La finanza familiare è donna. L’universo femminile tiene le redini di una quota crescente di ricchezza familiare, tanto che le donne controllano ormai il 51% della ricchezza personale negli Stati Uniti, e si fa notare per un atteggiamento sempre più proattivo nei confronti della finanza. Peccato, però, che da un punto di vista commerciale l’offerta sia ancora molto stereotipata sul pubblico maschile Secondo una recente ricerca di Bmo Wealth Institute, le donne controllano ormai il 51% della ricchezza personale negli Stati Uniti. Un patrimonio complessivo che si attesta su 14 trilioni di dollari e che le proiezioni danno in ulteriore crescita. Nei prossimi cinque anni, infatti, la ricchezza gestita dalle donne dovrebbe toccare 22 trilioni di dollari, un valore superiore al Pil della Cina. “Il ruolo delle donne nella gestione finanziaria è cambiato, perché è cresciuta la loro capacità di generare reddito e, di conseguenza, di prendere delle decisioni in proposito”, commenta Laura Villani, principal Boston Consulting Group, responsabile italiana per i temi legati alle donne. A dispetto del gender gap, ovvero del fatto che le donne a parità di condizioni guadagnino meno degli uomini, in due terzi delle famiglie del mondo le donne sono le principali decision maker quando si tratta di investimenti finanziari. L’Italia non fa eccezione. “Dai nostri dati emerge che il numero di donne capofamiglia di età compresa fra 35 e 54 anni è cresciuto del 78% dal 2000 al 2014 e, adesso, sono un quarto del totale”, racconta Stefania Conti, Industry Lead Financial Services Gfk Italia. La percentuale di patrimoni superiori a 50mila euro detenuta dalle donne, inoltre, è in linea con quella maschile: le capofamiglia con un patrimonio considerato “affluent”, infatti, sono il 15% del totale, contro il 18% degli uomini. E poi, c’è la variabile anagrafica da tenere in conto: “La maggiore longevità media fa sÌ che la donna subentri nelle decisioni familiari a causa della scomparsa del marito portando con sé, nella gestione del patrimonio e nell’asse ereditario verso i figli, tutte le sue peculiarità”, aggiunge Bruno Zanaboni, segretario generale Associazione Italiana Private Banking.

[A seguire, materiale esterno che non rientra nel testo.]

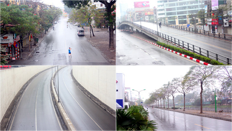 Sáng đầu tiên của năm mới, những con phố Hà Nội thật yên bình, vắng vẻ, nhiều người dậy sớm tận hưởng cảm giác hiếm có.
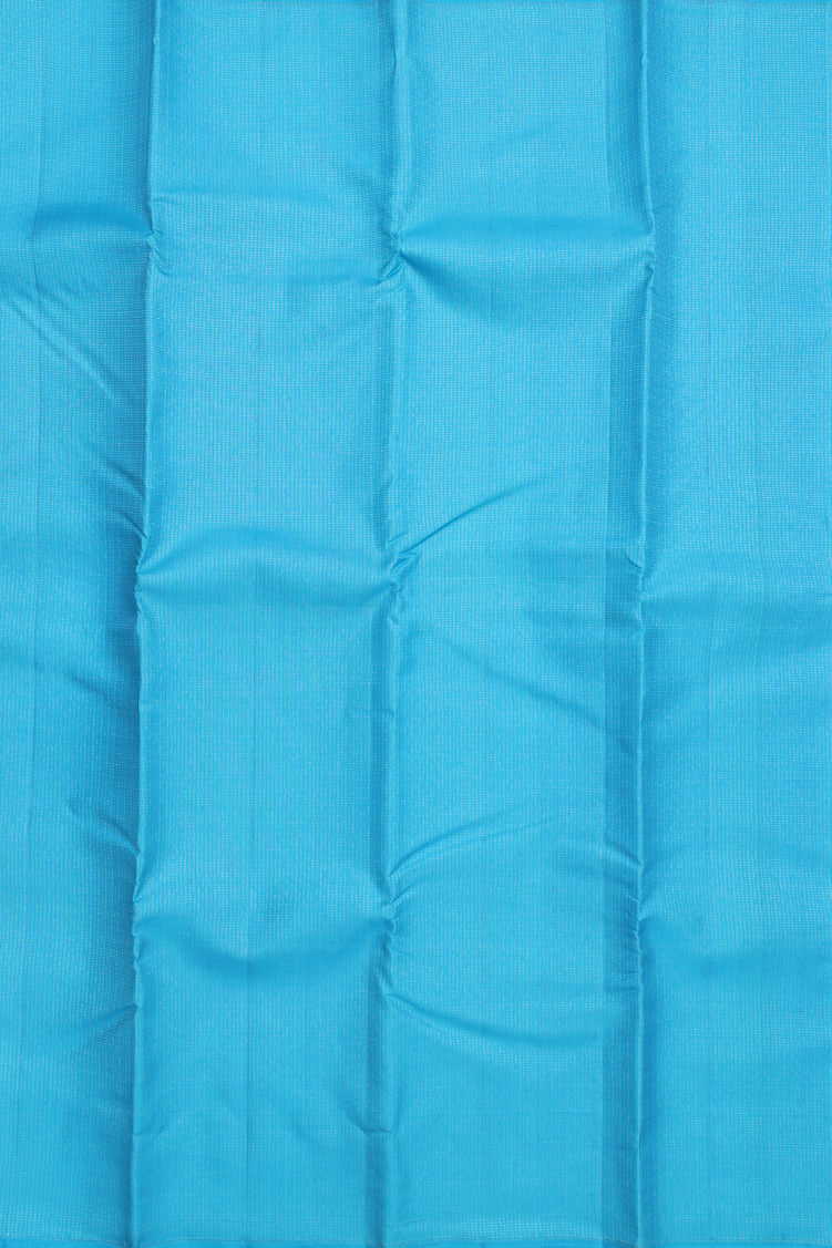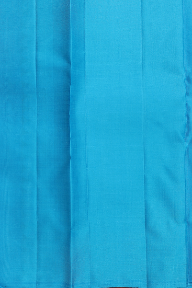 Kanchipuram Silk Saree In Deep Sky Blue With Stripes Design
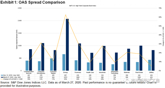 标准普尔美国投资级公司债指数中7000多只成分券的经期权调整后的信用利差在3月初触及到568个基点的高位,其中有99只成分券的经期权调整后的信用利差超过了1000个基点。
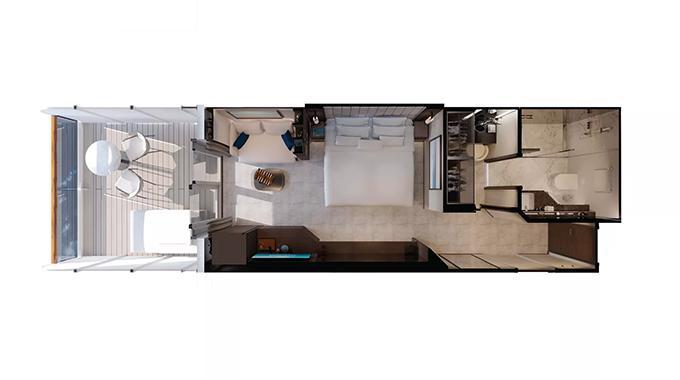 ツインまたはダブル / ベランダ・シャワー付 / 63㎡+テラス14㎡ / 7・8・9階
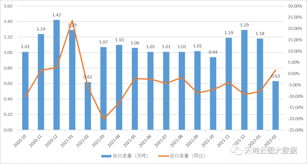 图5:2020年10月-2022年2月中药材出口总量(数据来源:中国海关)
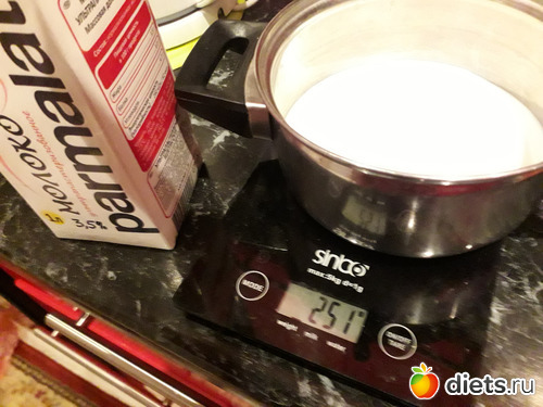 манная крупа - 50-60 г(все зависит от сорта манки-у меня с клетчаткой-она более крупинчатая и мне потребовалось всего 50г.. Возможно потребуется больще-должна получиться относительно густая манная каша, которая при остывании еще немного загустеет!)
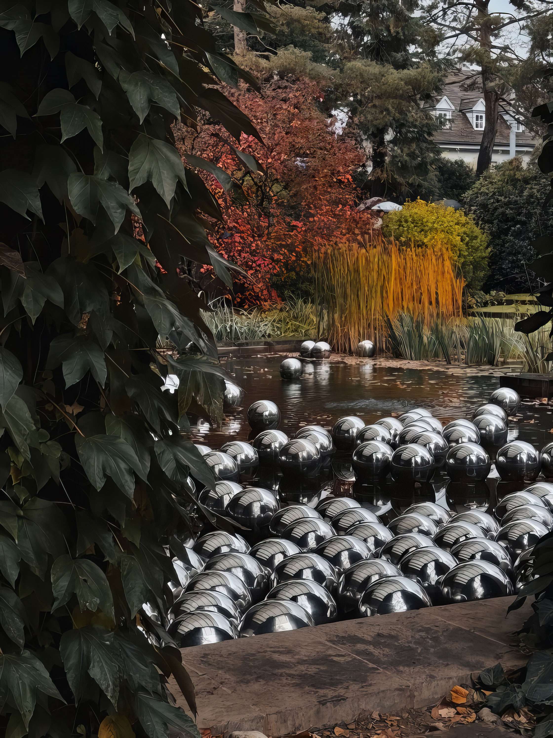 Також на виставці представлена відома інсталяція Narcissus Garden — десятки дзеркальних сфер, що плавають по поверхні води та створюють мінливу гру відбиттів. Вперше представлена у 1966 році, ця робота стала однією з ключових у творчому доробку Кусами та продовжує еволюціонувати в різних просторах світу.
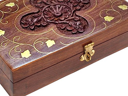 Special valentine day gift, Wooden jewelry box Flower Inlay with Carving, Brown Color Jewelry Box, Keepsake Box, Storage Box, Jewelry Organizer Box for Girls & Women - 8X5 inch

Secondo quanto emerge dall’analisi Gfk Italia sulle intenzioni per la destinazione del risparmio accumulato, l’82% delle donne decisori finanziari pensa all’accumulo, il 32% si preoccupa di fare investimenti per la famiglia e il 16% destina una parte dei risparmi alla previdenza. “Le donne doppio ruolo, professioniste e metropolitane, pari al 15 – 20% del totale, hanno portafogli completi ed evoluti e dimostrano un atteggiamento proattivo nei confronti della finanza”, prosegue Conti. Rispetto agli uomini, inoltre, le donne si dimostrano più informate sui prodotti. “Perché usano meglio la tecnologia per raccogliere dati, ma sono anche naturalmente portate a notare i dettagli, a fare confronti fra alternative”, fa notare Villani. In particolare, le under 45 risultano particolarmente attente alle proposte delle assicurazioni, tematica per la quale consultano molto il web. Il 66% dell’audience dei siti dedicati alle assicurazioni, infatti, è donna, rivela uno studio realizzato da Nielsen per l’assicurazione americana MetLife, mentre il 71% dell’universo femminile prende parte alla decisione di acquisto di una polizza a tutela della famiglia e la percentuale raggiunge l’87% in presenza di figli minori. Ma non finisce qui. Perché non solo le donne si dimostrano molto preparate nel valutare le diverse possibilità di investimento patrimoniale, ma se la cavano meglio anche con i numeri: nel 2014, fa sapere ancora Gfk Italia, il 55% delle famiglie che sono riuscite a risparmiare aveva per capo una donna, mentre quelle con a capo un uomo che sono riuscite a mettere da parte qualcosa sono scese dal 65% del 2005 al 57% attuale. “L’universo femminile ha dimostrato talento nell’amministrare il patrimonio della famiglia, risparmiando sempre, anche durante la crisi economica”, conferma Zanaboni.
Lasciate sole
Il mondo della finanza, stando ai numeri, non ha ancora preso atto della novità. Innanzitutto, i consulenti finanziari donna sono sotto rappresentati: negli Stati Uniti sono due su cinque, in Italia sono solo un quinto del totale (18%). “Anche da un punto di vista commerciale, l’offerta è ancora molto stereotipata sul pubblico maschile: la donna è poco rappresentata e, paradossalmente, non è ancora considerata come un segmento a sè”, evidenzia Conti. Le aziende del settore, insomma, continuano a pensare che il decisore per definizione sia l’uomo. Sarà anche per questa ragione, dunque, che le donne dimostrano molta indipendenza nelle loro scelte: “In media, si avvalgono di meno istituti finanziari nella gestione dei propri investimenti e quasi la metà fa riferimento a un solo intermediario”, sottolinea Zanaboni. Ma non finisce qui: “Le donne valutano facendo attenzione al rischio, ma scelgono tenendo presente la ‘big picture’, cioè hanno un occhio attento anche al futuro e, perché no, anche all’equità sociale”, osserva Villani. Maggiore scrutinio sui partner dei propri investimenti, dunque? “Molto spesso, sÌ”.